The tactics, competence of leadership and the training and experience of the troops can often be more important than the equipment type alone.
To illustrate it, I present an extreme real historical example of a tercio being defeated by a frontal assault of light cavalry. (the tercio was the successor of the pike square, equipped with musketeers to give it ranged capability, and it was the most successful formation of the battlefields until muskets became advanced enough in the 18th century to make pikes obsolete)
A tercio would normally be easily capable of defeating a heavy cavalry assault even when being outnumbered by them. How could it then be defeated by an assault of light cavalry, where the cavalry had numbers approximately four times smaller than them?
Here is what happened: In 1631 in the Principality of Transylvania, Apafi was elected Prince, but the previous Prince, Kemény, didn't acknowledge the results, which led to a brief civil war.
Apafi, heavily outnumbered, barricaded himself in a city, and Kemény proceeded to besiege him. Before the siege could have been started, an army composed of light cavalry came out of the city (why Apafi's infantry didn't participate, is an interesting story in itself, but would be off topic here).

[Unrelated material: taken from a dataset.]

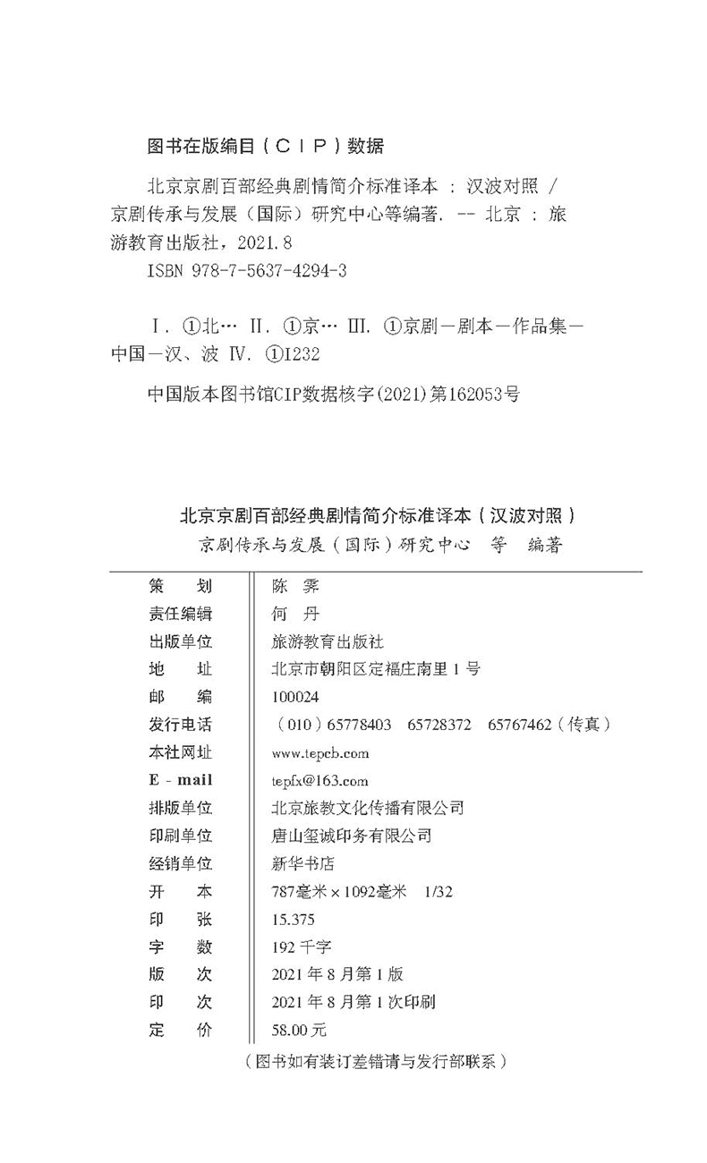 黑白本 汉波对照 北京京剧百部剧情简介标准译本 9787563742943旅游教育 旅游教育

The besiegers didn't take them seriously ("what could such a small band of light cavalry do against proper tercio infantry?"), and thought they were only out for harassing them, a tactic not uncommon for light cavalry. They expected they will exchange some fire with each other from afar and then retreat (the whole thing being done only to slow down the perparation of the siege), as was common for that troop type, so they sent their musketeers forward. The light cavalry started to get closer. The musketeers fired from afar, obviously causing next to no damage, expecting the light cavalry to be skirmishers and doing the same. However, this is when the light cavalry rushed them without firing a single shot. Surprised, and not having enough time to reload, the musketeers ran back, and got intermingled with their own pikemen when the horsemen crashed into them. The pikemen couldn't hold the line due to the swarm of their own musketeers fleeing through their ranks, and they broke. Thus, most of the army started routing, and in such a case, troops standing in the back don't see what's happening in the front, don't see that they alone would be enough to win the battle, they only see their own comrades panicking, throwing away their weapons and fleeing, so they join the rout instead of staying there.
Kemény's heavy cavalry was nearby and tried to intervene, but couldn't reach the position, having to plow through their own fleeing infantry. Some of them got stuck in them, others trampled down their own infantry, and that situation was no longer salvageable, the army routed from a force less then one fourth its size.
This example was meant to illustrate, that there are situations, where even an army which would otherwise be "invincible" against its opponent, can lose due to incompetent leadership, a surprise attack, or just a combination of good timing and good luck from their opponent's perspective.